O que equivale, em termos de proporção, ao gráfico abaixo:


A partir desse resultado, pude fazer algumas inferências: 

  1. Possivelmente, Machado de Assis é o autor mais lido e aquele visto, por nós, como o mais conhecido pelos estrangeiros;
  2. Clarice Lispector é mais conhecida e lida do que podem supor alguns críticos de sua obra que a consideram densa e “difícil” (com exceção, claro, da sua última obra, A hora da estrela);
  3. Poesia não parece ser um gênero tão apreciado hoje em dia, visto que Drummond – o poeta brasileiro mais conhecido, aqui e lá fora, hoje e desde que surgiu sua primeira obra, em 1930 – ficou apenas com o terceiro lugar e com um terço dos votos de Machado de Assis;
  4. Guimarães Rosa não parece ser um autor tão lido e apreciado pelo leitor médio e, até mesmo, pelos especialistas, como professores, críticos e jornalistas.

Essas – é preciso deixar bem claro – são impressões minhas, suscitadas a partir da análise do resultado dessa enquete despretensiosíssima. Não são verdades absolutas.

Quanto a Machado ser o autor mais lido e conhecido, tanto por brasileiros quanto por estrangeiros, é meio que unanimidade. Dificilmente alguém duvida desse fato. Inclusive, algumas matérias bem atuais celebram o fato de Machado de Assis estar sendo (re)descoberto por falantes da língua inglesa por conta de algumas traduções novinhas em folha.

Quanto à Clarice ser mais conhecida do que alguns podem supor, creio que – se for verdade – é uma surpresa para muitos, embora – creio – não para os editores e especialistas em literatura. Clarice sempre foi muito lida e celebrada, desde sua primeira obra até hoje em dia, apesar de sua prosa diferentona e (por causa) das reiteradas epifanias de suas personagens.

Assim como Machado de Assis na prosa, Drummond é outra unanimidade, só que na poesia.

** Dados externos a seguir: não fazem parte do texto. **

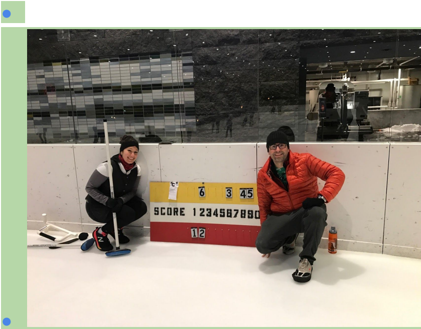
Blarney Stone Basks in the aftermath..... Six... count 'em..... SIX!

Poucos são os que contrariam a opinião de que ele é o maior poeta brasileiro e um dos maiores poetas da língua portuguesa, junto com Fernando Pessoa e Camões. O fato é que, hoje em dia, parece que a leitura de poesia está em desuso. Em tempos de proliferação de notícias e não-notícias, informações e fake news, com textos cada vez mais fluídos, rápidos, simplórios, às vezes apelativos e conspiratórios, a poesia – por ser um gênero que exige muito do leitor – talvez não esteja muito em voga.

Guimarães Rosa é um autor à parte. É um acontecimento. Nunca houve e (ainda) não surgiu outro escritor brasileiro que beira a sua capacidade de transcriação linguística. Há uma língua portuguesa, conhecida por todos os seus falantes, sejam do Brasil, de Portugal ou de Guiné-Bissau. E há outra língua portuguesa, criada por Guimarães Rosa. Isso, por si só, afasta bastante os leitores médios da sua literatura. Afasta, na verdade, até alguns especialistas (professores, críticos, jornalistas culturais, escritores, etc.). Guimarães é meio que James Joyce – todo mundo já ouviu falar, todo mundo sabe que é gênio, mas pouquíssimos os leram. Apenas cinco (5) pessoas de sessenta e sete (67) votarem nele, mesmo que numa enquete tão sem pretensões, diz muita coisa em suas entrelinhas...

E já que o texto é meu, agora vou dar minha opinião sobre a questão levantada no título (o que não impede, caro leitor, de também enviar sua opinião para o nosso e-mail ou deixá-la nos comentários. Ou, até mesmo, enviar um texto para O Bule sobre o assunto). Mas, antes, é necessário fazer algumas ressalvas: dos quatro autores, considero conhecer bem Machado de Assis (li todos os romances – alguns duas ou três vezes – e boa parte dos seus contos) e Drummond (sou pesquisador de sua obra e biografia); conheço – diria – parcialmente a obra de Clarice e Guimarães Rosa, portanto, não me considero um especialista em suas obras. Ou seja, é uma opinião enviesada, como todas as opiniões. Feitas as ressalvas, considero Drummond o escritor mais universal da literatura brasileira. Ponto. Ponto nada! Explico...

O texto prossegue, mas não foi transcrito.